Blogging from the Highlands of Scotland
'From fanaticism to barbarism is only one step' - Diderot

Thursday, 30 September 2004

Labour government holds the line on its Iraq policy

The Labour Party is currently holding its annual conference at Brighton. Today a motion calling for British troops to be brought home from Iraq very quickly was defeated by a margin of four to one. Although I had to go out before Jack Straw completed his speech, a resume of the whole thing I have now seen makes considerable sense, politically at least, even if I bridle at some of the quasi-socialist rhetoric his speech was larded with.

I don't agree with much that Tony Blair's government has done but, as I have said before, its policy on Iraq has generally been spot-on. I was never much concerned, personally, with whether there were weapons of mass destruction in Iraq, or not, but if claims that they existed were what it took to achieve the political majority in the House of Commons to sanction our forces going there, then from my point of view I was happy to go along with it.

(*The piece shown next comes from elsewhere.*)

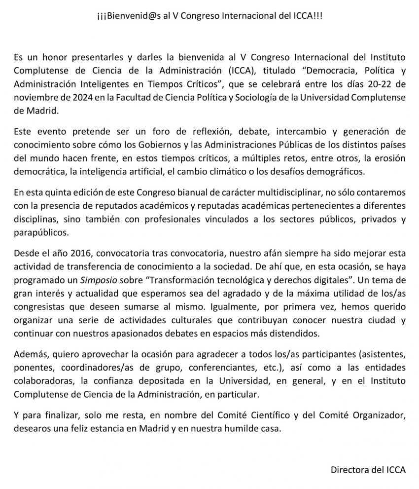 V Congreso Internacionl ICCA: democracia, política y administración inteligentes en tiempos críticos

The only downside, that WMD would not be found, would be for Blair to deal with, which from my longer-term perspective is a wholly good thing, but his conviction on the necessity of intervening in Iraq achieved what I saw (and see) as the great advance there - the removal of Saddam Hussein and his Ba'ath Party from power. I've written about this aspect a number of times before, but most recently in July; my views since then have not changed in any significant way.